In the same judgment it was also stated that there can be no questioning if the person "indicates ... that he wishes to consult with an attorney before speaking" or if, being alone, he "indicates ... that he doe s not wish to be interrogated" [*] .
These principles, then clearly defined, belong to t he very essence of fair trial [*] .
Therefore I cannot agree with the present judgment, in which our Court fails to recognise and apply them.
DISSENTING OPINION OF JUDGE LOPES ROCHA
(Translation)
I subscribe fully to the views expressed in the dissenting opinions of Judge Pettiti and Judge De Meyer, to which I would add the following comments.
The most modern European codes of criminal procedure recognise that the right of an accused to legal assistance at each stage of the proceedings is an established one which is considered to be the most perfect embodiment of the rights of the defence and therefore of fair proceedings intended to secure for the accused an ever stronger and more effective position as a party to the trial.

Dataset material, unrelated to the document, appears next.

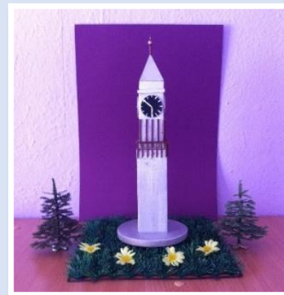
Главные часы города

The enjoyment of such a right is undoubtedly justified, especially in the initial stages of the proceedings when the accused has to confront the prosecuting authorities on rather unequal terms, and the fact that he is allowed the assistance of a legal specialist at the subsequent interrogations cannot effectively cure this defect.
Admittedly, at the trial the accused has the right to seek to refute the evidence obtained, including any confession that he may have made, but experience shows that at this stage of the proceedings that right is frequently insufficient to overturn opinions formed on the basis of statements made in the absence of a lawyer.

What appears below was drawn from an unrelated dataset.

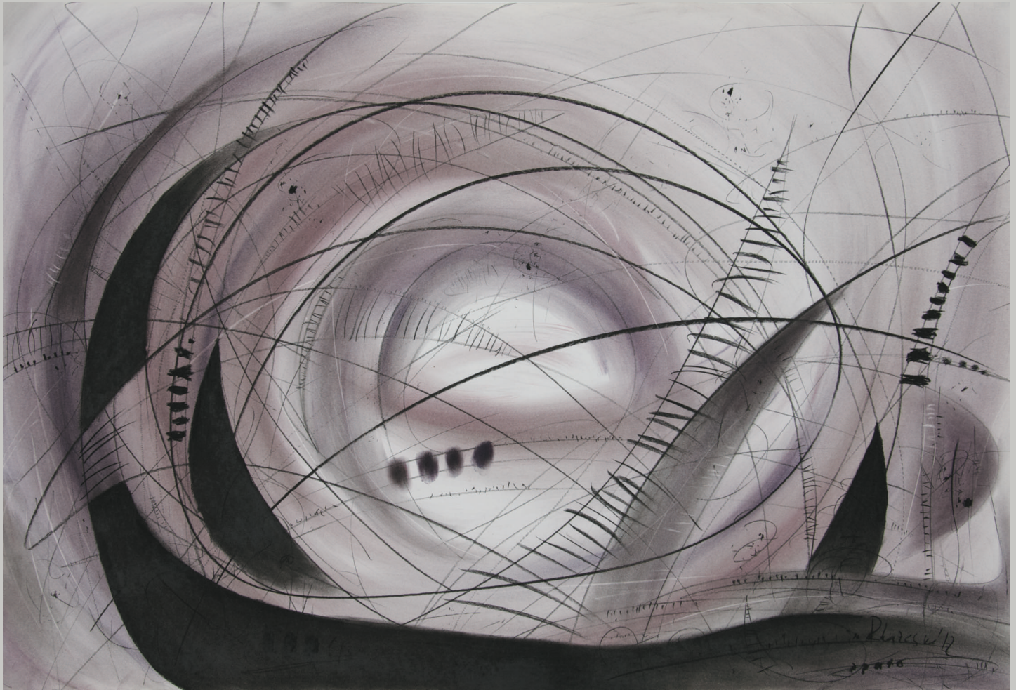
Од циклусот Асоцијации / From the Cycle Associations , 2012 јаглен и пастел / charcoal and pastel, 70x100 cm

That is why, in the present case, I took the view that there had been a violation of Article 6 paras . 1 and 3 (c) (art. 6-1, art. 6-3-c) of the Convention.
[*] The case is numbered 32/1992/377/451. The first number is the case's position on the list of cases referred to the Court in the relevant year (second number). The last two numbers indicate the case's position on the list of cases referred to the Court since its creation and on the list of the corresponding originating applications to the Commission.

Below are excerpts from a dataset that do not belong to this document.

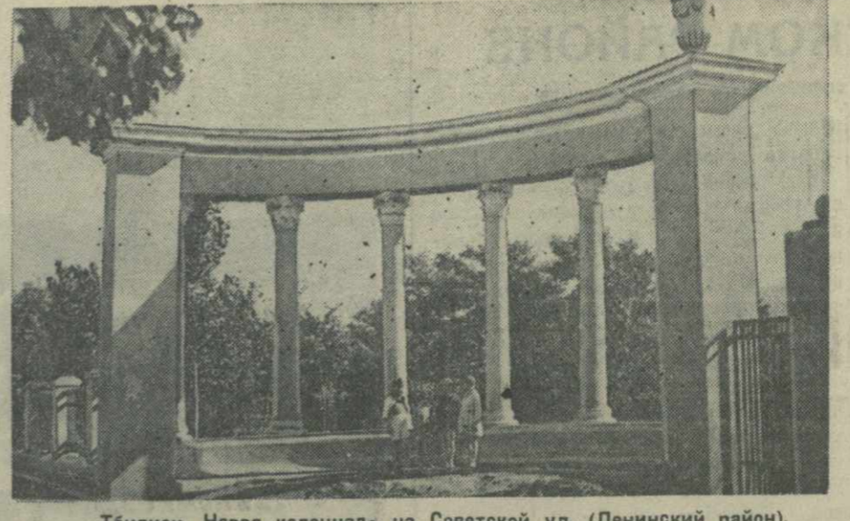
Тбилиси. Новая колоннада на Советской ул. (Ленинский район).

БЕРЛИН, 17. (ТАСС). Бюллетень «Динст аус Дейчланд» сообщает об освобождении бельгийских пленных. Первая группа в количестве 16 тысяч человек уже прибыла из Германии в Антверпен. В ближайшие дни ожидается освобождение еще 40 тысяч бельгийских пленных.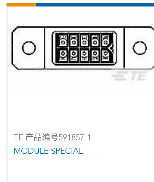
TE 产品编号591857-1 MODULE SPECIAL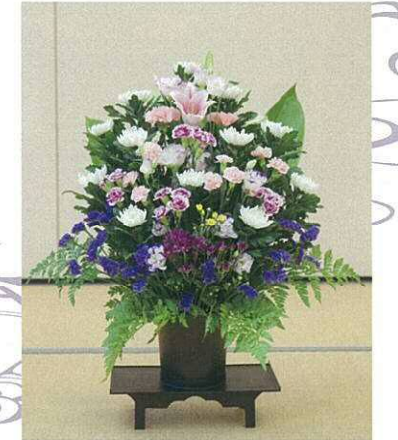
お供えアレンジ生花 1基 8,800円 1対 17,600円

[*] As amended by Article 11 of Protocol No. 8 (P8-11), which came into force on 1 January 1990.
[*] Note by the Registrar: for practical reasons this annex will appear only with the printed version of the judgment (volume 275 of Series A of the Publications of the Court), but a copy of the Commission's report is available from the registry.
[*] Miranda v. Arizona , Vignera v. New York , Westover v. United States and California v. Stewart, 384 US 436, at 478-479, 16 LEd 2d 694, at 726.
[*] 384 US at 444-445, 16 LEd 2d at 706-707.